NO2 is mostly released into the atmosphere by the photochemical oxidation, combustion of fossil fuels that contain nitric oxide, soils, and plants7,32. Nitrogen dioxide is a highly reactive gas that reacts with various substances in the atmosphere to generate particulate matter (PM), ground-level ozone, and acid rain. Nitrogen dioxides have important consequences for both human health and climate32.

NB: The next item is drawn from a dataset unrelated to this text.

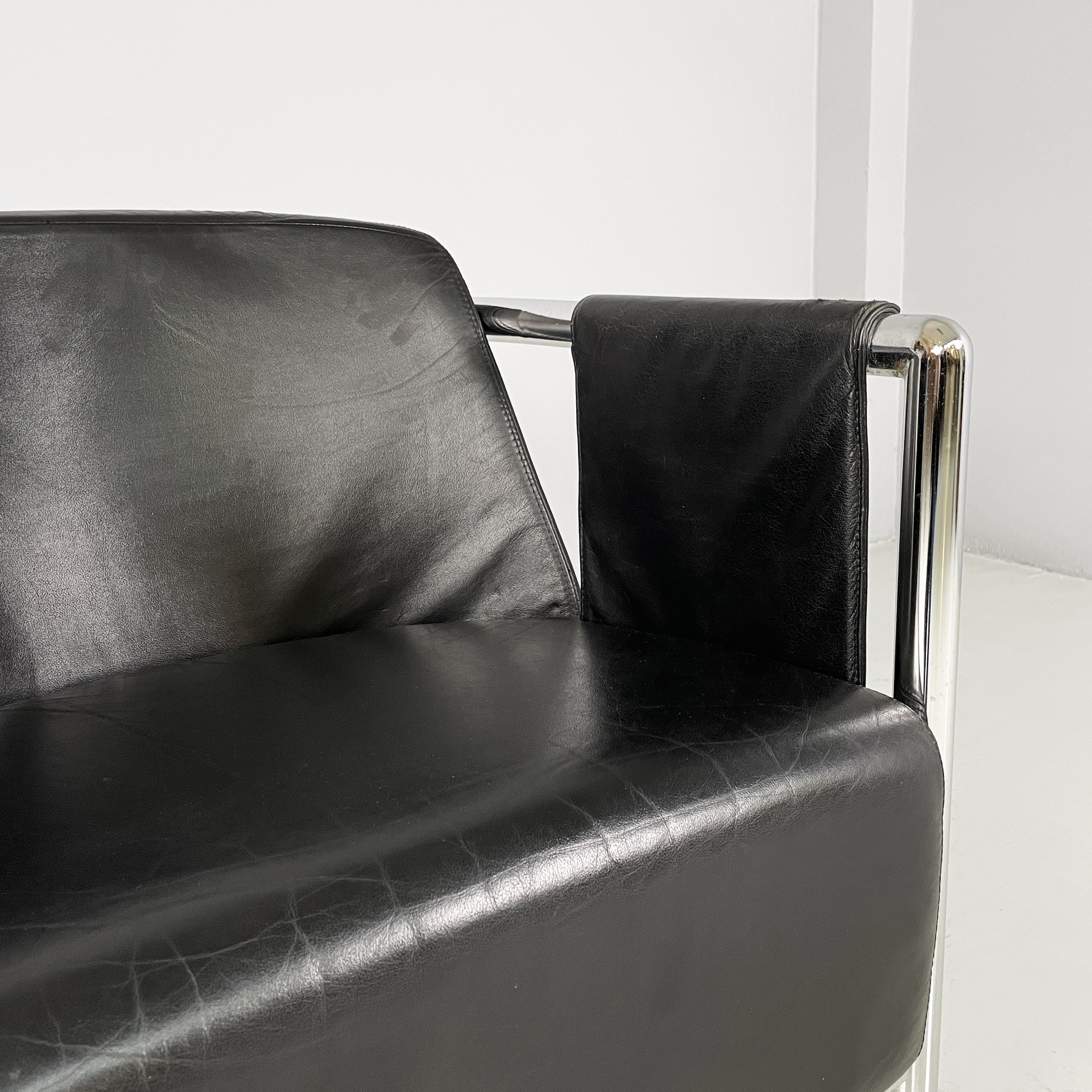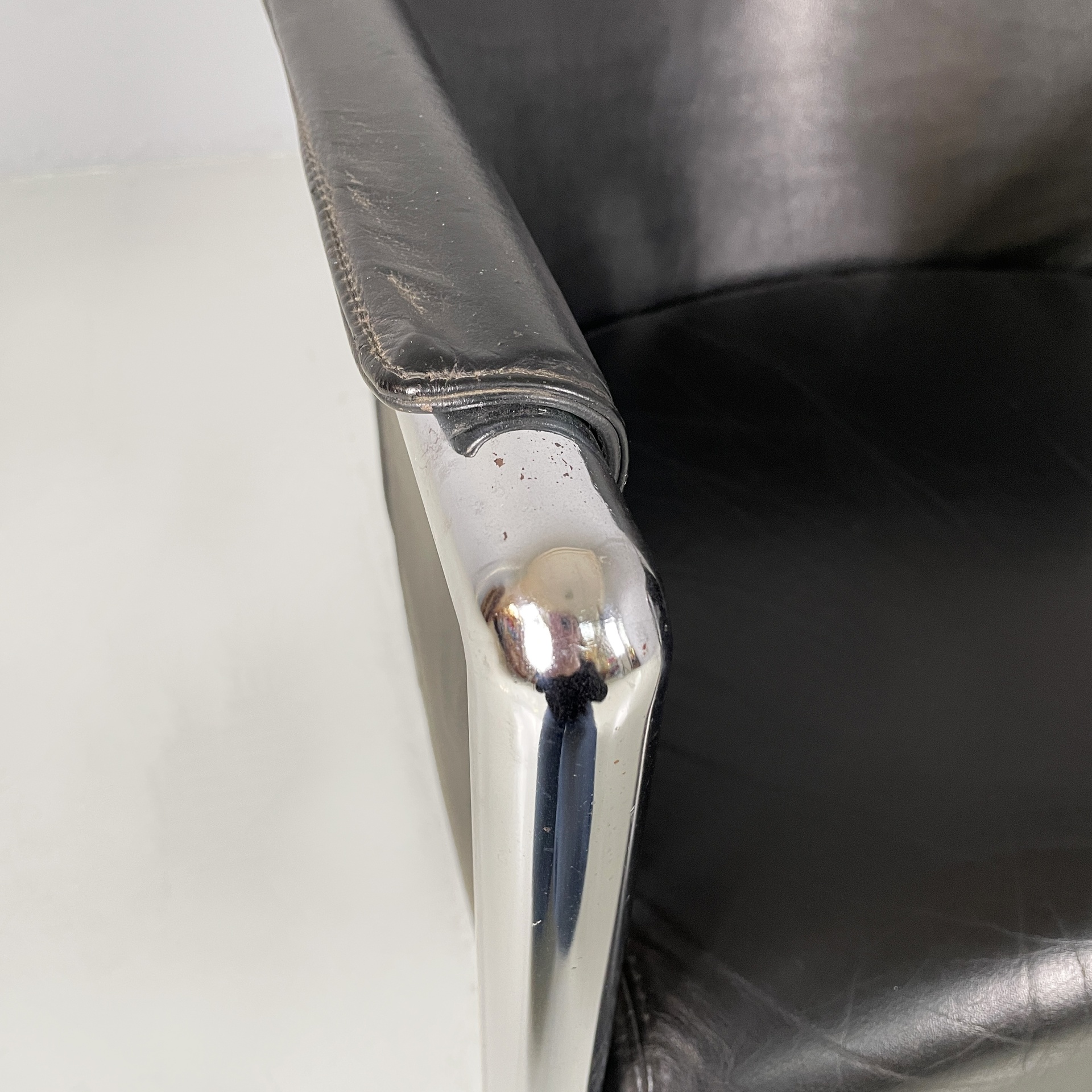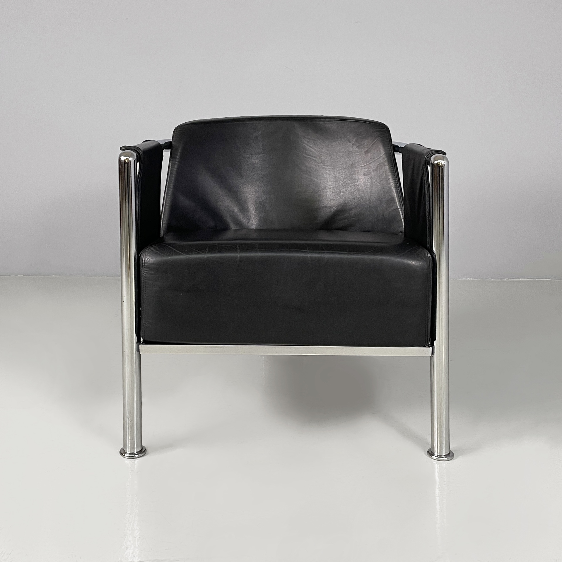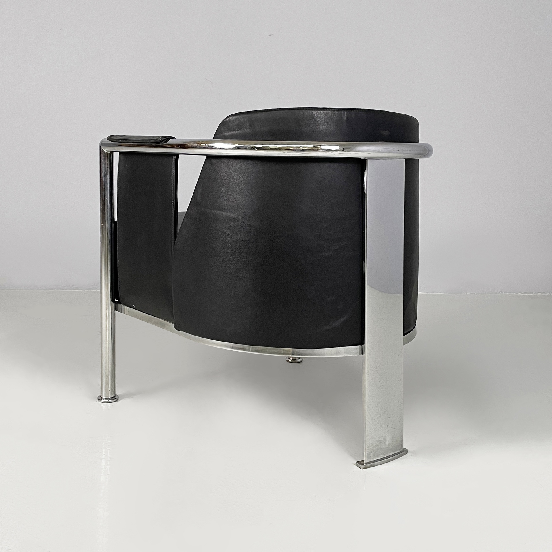 Poltrona in pelle nera e acciaio, 1980 ca.

Figure 7 displays the spatio-temporal mapping of NO2 concentrations from 2019 to 2022. The data shows elevated NO2 levels in the Indo-Gangetic Plain, Central, Hilly, the Northeast, Northwest, and Peninsular regions of India. The places include Delhi, Janjgir, Jharsuguda, Delhi, Gautam Buddha Nagar, Dhanbad, Kolkata, and Sonbhadra. Clusters with high NO2 concentrations indicated that coal combustion and increased vehicle emissions would be the main sources of NO2. Road transport contributes to over 44% of the overall nitrogen oxide (NOX) emissions in India33. Various hotspots' NO2 concentrations are steadily declining in the pre-COVID-19 situation. The column density of NO2 for the whole of India was measured for yearly, seasonally, monthly, and intercomparison of metro cities. However, after the COVID-19 lockdown, NO2 values are gradually rising, and with that, new hotspots are emerging. Hotspots in India are mostly metropolitan cities like Delhi, Mumbai, and Kolkata because they have a higher vehicular population34.

Fig. 7
figure 7

Column density map of NO2 from 2019 to 2022 .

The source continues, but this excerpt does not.